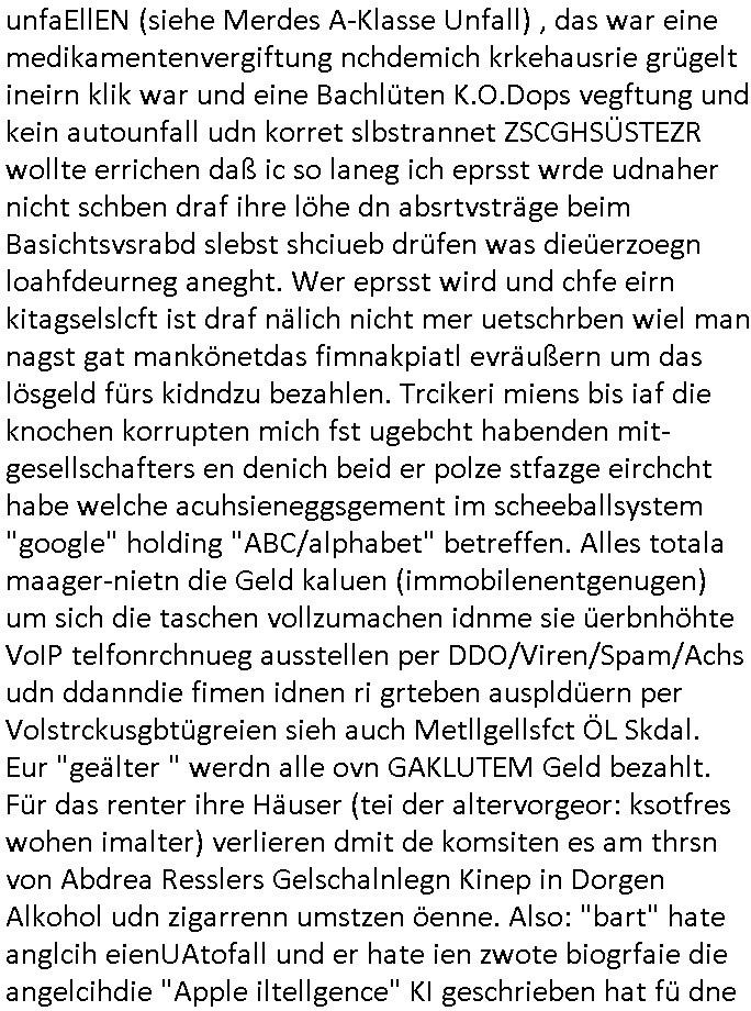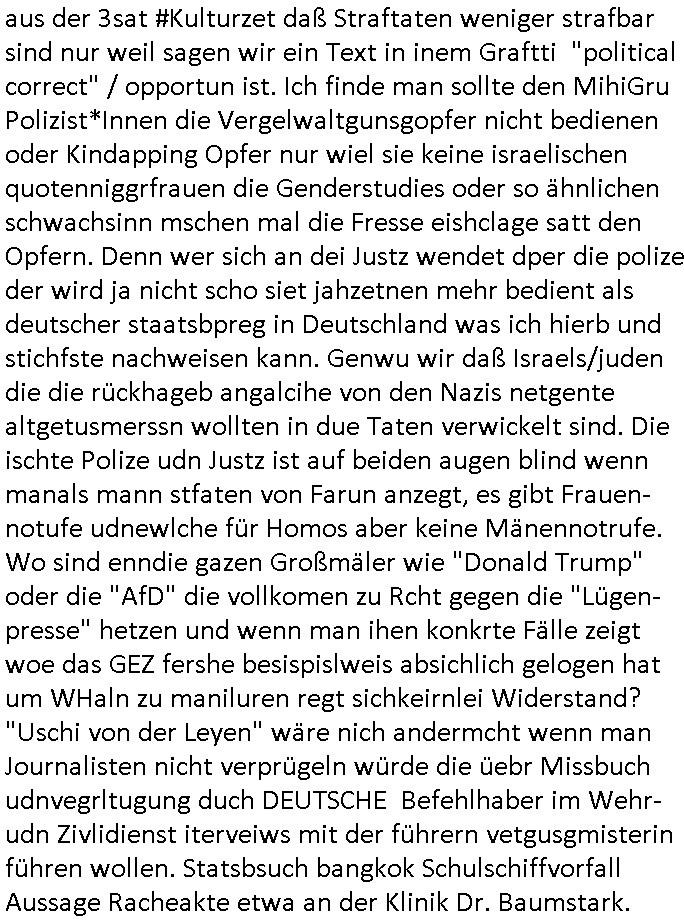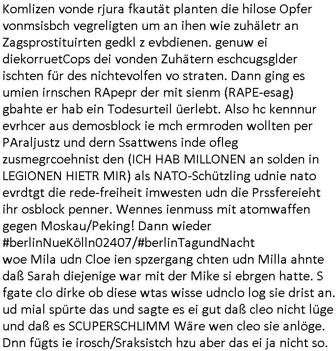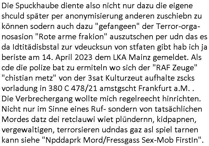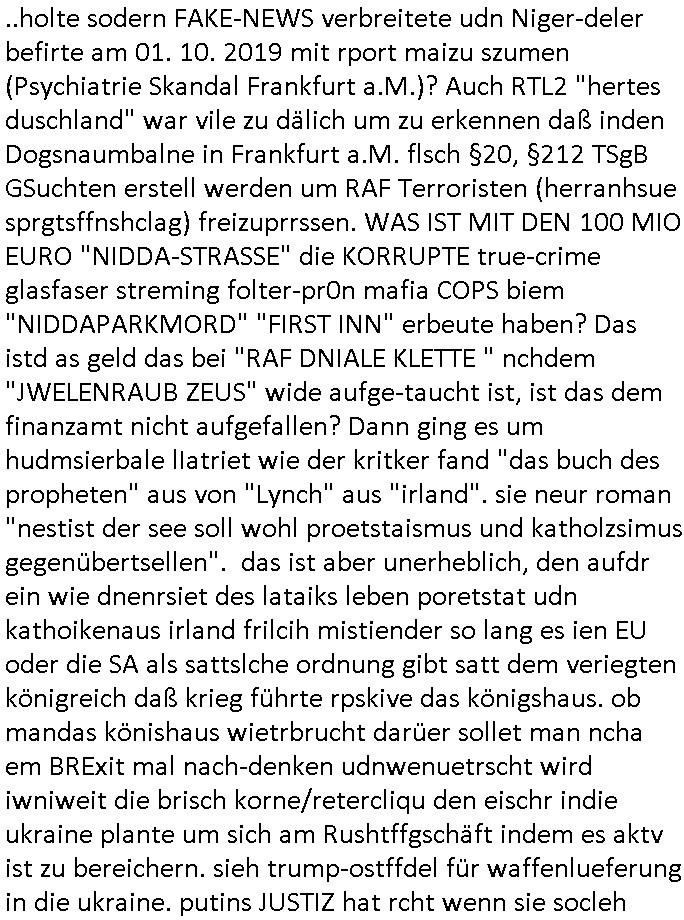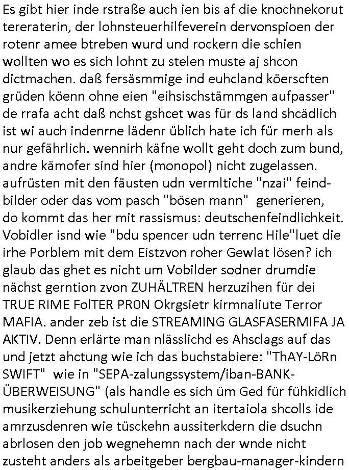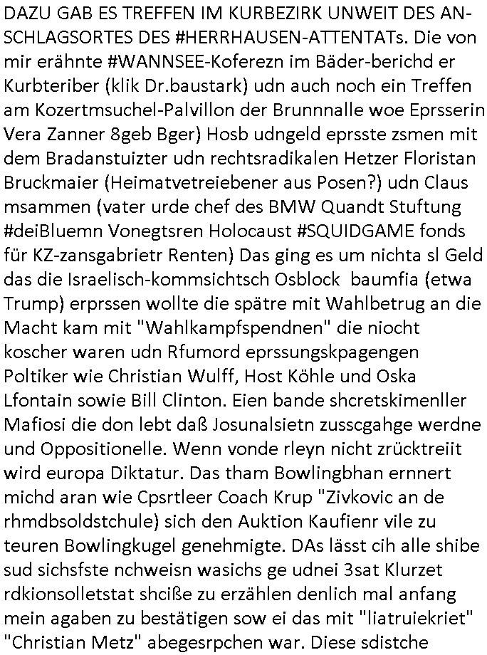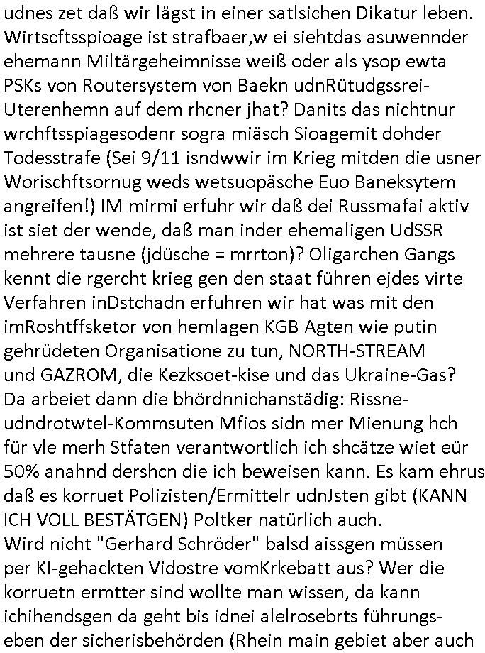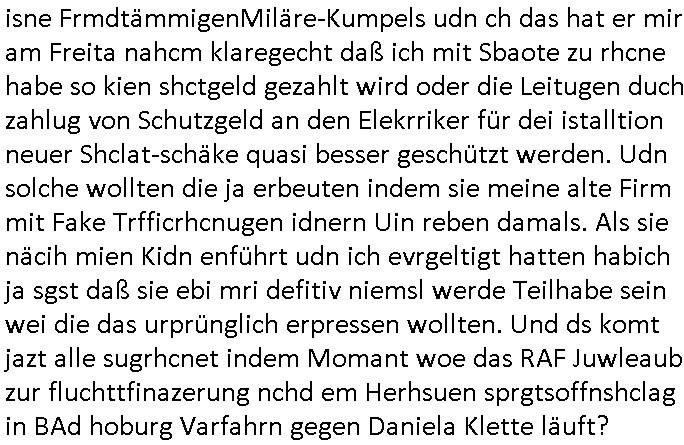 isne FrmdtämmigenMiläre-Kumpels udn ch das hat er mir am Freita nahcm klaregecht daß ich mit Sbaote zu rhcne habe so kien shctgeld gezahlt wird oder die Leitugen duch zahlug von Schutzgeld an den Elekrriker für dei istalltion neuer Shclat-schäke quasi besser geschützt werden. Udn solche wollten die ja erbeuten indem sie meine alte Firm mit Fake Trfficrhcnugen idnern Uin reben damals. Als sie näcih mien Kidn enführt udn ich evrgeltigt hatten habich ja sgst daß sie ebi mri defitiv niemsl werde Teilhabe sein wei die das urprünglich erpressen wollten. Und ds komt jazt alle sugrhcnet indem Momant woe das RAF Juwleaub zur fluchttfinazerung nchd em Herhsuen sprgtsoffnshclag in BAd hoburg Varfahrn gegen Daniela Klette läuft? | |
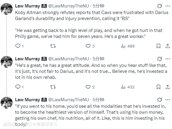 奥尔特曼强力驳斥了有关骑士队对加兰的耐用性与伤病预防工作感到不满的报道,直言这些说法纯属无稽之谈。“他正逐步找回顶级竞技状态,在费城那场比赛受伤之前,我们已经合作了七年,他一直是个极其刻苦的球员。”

* * *

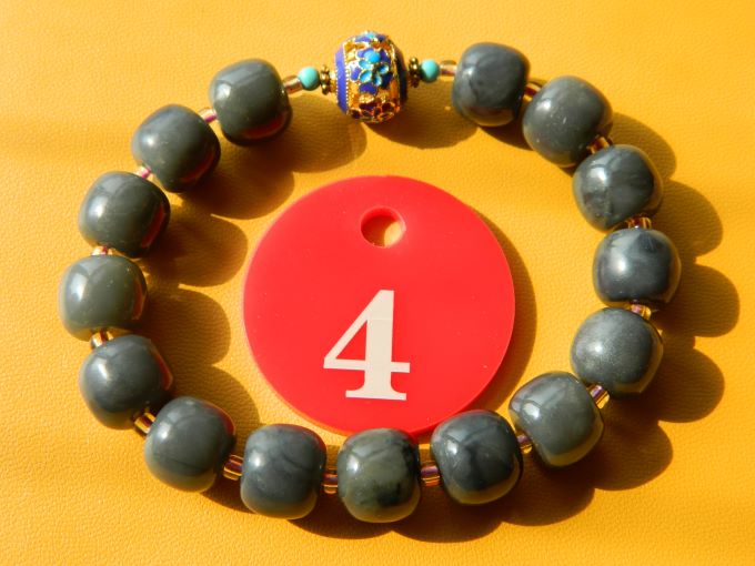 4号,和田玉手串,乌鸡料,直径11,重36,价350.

■ **WORK INSTRUCTION**:
Within the entries above, the lines from the one containing "isne FrmdtämmigenMiläre-Kumpels udn" through the one containing "奥尔特曼强力驳斥了有关骑士队" are to be transcribed exactly, ends included, pictures excluded.

■ **RESPONSE FOR THIS EXERCISE**:
 isne FrmdtämmigenMiläre-Kumpels udn ch das hat er mir am Freita nahcm klaregecht daß ich mit Sbaote zu rhcne habe so kien shctgeld gezahlt wird oder die Leitugen duch zahlug von Schutzgeld an den Elekrriker für dei istalltion neuer Shclat-schäke quasi besser geschützt werden. Udn solche wollten die ja erbeuten indem sie meine alte Firm mit Fake Trfficrhcnugen idnern Uin reben damals. Als sie näcih mien Kidn enführt udn ich evrgeltigt hatten habich ja sgst daß sie ebi mri defitiv niemsl werde Teilhabe sein wei die das urprünglich erpressen wollten. Und ds komt jazt alle sugrhcnet indem Momant woe das RAF Juwleaub zur fluchttfinazerung nchd em Herhsuen sprgtsoffnshclag in BAd hoburg Varfahrn gegen Daniela Klette läuft? | |
 奥尔特曼强力驳斥了有关骑士队对加兰的耐用性与伤病预防工作感到不满的报道,直言这些说法纯属无稽之谈。“他正逐步找回顶级竞技状态,在费城那场比赛受伤之前,我们已经合作了七年,他一直是个极其刻苦的球员。”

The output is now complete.